Proposition. Let $(X,d)$ a metric space and let $A\subseteq X$ a subset of $X$ such that $A$ is separable (then $A$ has a dense -with respect the subspace topology of $A$ - and countable subset $D$). Let $W\subseteq X$ an open subset of $X$. Let $\mathbb{B}alls(X)$ be the family of all closed balls of $X$. If $\mathcal{H}_1,\dots,\mathcal{H}_z$ are subfamilies of $\mathbb{B}alls(X)$ such that the family $\mathcal{H}_j$ is disjointed for all $j=1,\dots, z$ and $H\subseteq W$ for all $H\in\mathcal{H}_j$ and for all $j=1,\dots,z$, and if
$A\cap W\subseteq\bigcup_{j=1}^z\bigcup_{H\in\mathcal{H}_j}H$,
then for each $j=1,\dots,z$ there exists a countable subfamily $\mathcal{G}_j$ such that
$A\cap W\subseteq\bigcup_{j=1}^z\bigcup_{G\in\mathcal{G}_j}G$.

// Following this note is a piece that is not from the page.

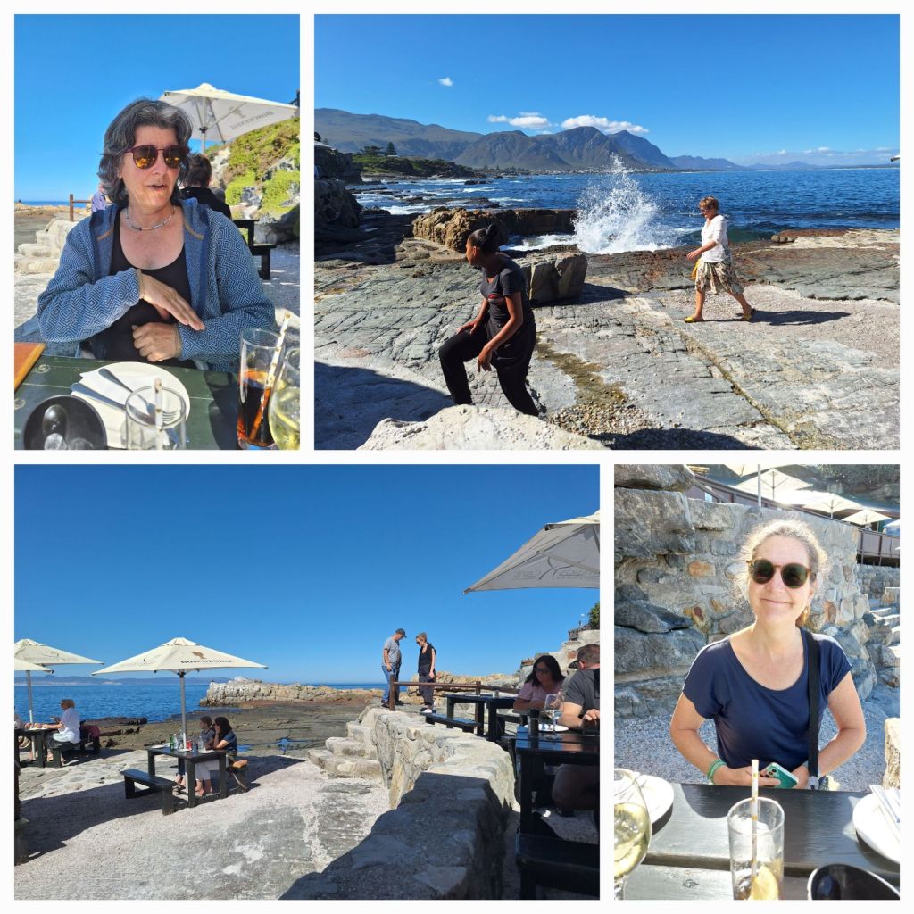 Hermanus wird für uns zwar nicht der Ort zur Walbeobachtung werden, aber die Stadt hat ansonsten auch einiges zu bieten. Zum Mittagessen haben wir ein Restaurant ausgesucht, das nicht schöner gelegen sein könnte. Terrassiert auf verschiedenen Ebenen und sogar auf vorgelagerten Felsplateaus sind die Sitzplätze verstreut. Für das Personal eine echte Herausforderung, für die Gäste der Himmel auf Erden: fantastischer Ausblick, tolle Luft und sagenhaft leckeres Essen – natürlich in erster Linie Fisch.

I have got difficulties to give a proof of the above proposition. Can anyone help me, please?
My idea is this one but I don't know if it works. First of all I observe that $A\cap W$ is open in $A$ (with respect to the subspace topology of $A$). Then $A\cap W$ is an open subset of the separable space $A$, hence it's a separable space. Then there exists a countable subsets $Q$ of $A\cap W$ such that
$Cl_{A\cap W}(Q)=A\cap W$
where $Cl_{A\cap W}$ denotes the closure with respect the subspace topology of $A\cap W$. By hypothesis
$Q\subseteq\bigcup_{j=1}^z\bigcup_{H\in\mathcal{H}_j}(H\cap A\cap W)$.
Since $Q$ is countable, we deduce that for each $j=1,\dots,z$ there exists a countable subfamily $\mathcal{G}_j$ such that
$Q\subseteq\bigcup_{j=1}^z\bigcup_{G\in\mathcal{G}_j}(G\cap A\cap W)=\bigcup_{j=1}^z\bigcup_{G\in\mathcal{G}_j}(G\cap A\cap W)$.
Taking the closure of both sides we obtain that
$A\cap W\subseteq Cl_{A\cap W}\left(\bigcup_{j=1}^z\bigcup_{G\in\mathcal{G}_j}(G\cap A) \right)= \bigcup_{j=1}^z Cl_{A\cap W}\left(\bigcup_{G\in\mathcal{G}_j}(G\cap A)\right) =\bigcup_{j=1}^z\bigcup_{G\in\mathcal{G}_j}Cl_{A\cap W}(G\cap A)=\bigcup_{j=1}^z\bigcup_{G\in\mathcal{G}_j} G\cap A$.
I am sure the each ot the above equalities works eccept for the second-last one, that is to say
$\bigcup_{j=1}^zCl_{A\cap W}\left(\bigcup_{G\in\mathcal{G}_j}(G\cap A)\right)= \bigcup_{j=1}^z\bigcup_{G\in\mathcal{G}_j}Cl_{A\cap W}(G\cap A)$.
I think that it is true but I don't how to show it. My idea is to show (BUT I DON'T KNOW HOW TO DO IT) that the family
$\mathcal{F}:=$ {$G\cap A\mid G\in\mathcal{G}_j\text{ for some }j=1,\dots, z$ }
is a locally finite family of subsets of $A\cap W$, that is to say that for each $a\in A\cap W$ there exists an open subset $U$ of $a$ such that the elements $F\in\mathcal{F}$ such that $U\cap F\ne\emptyset$ is finite.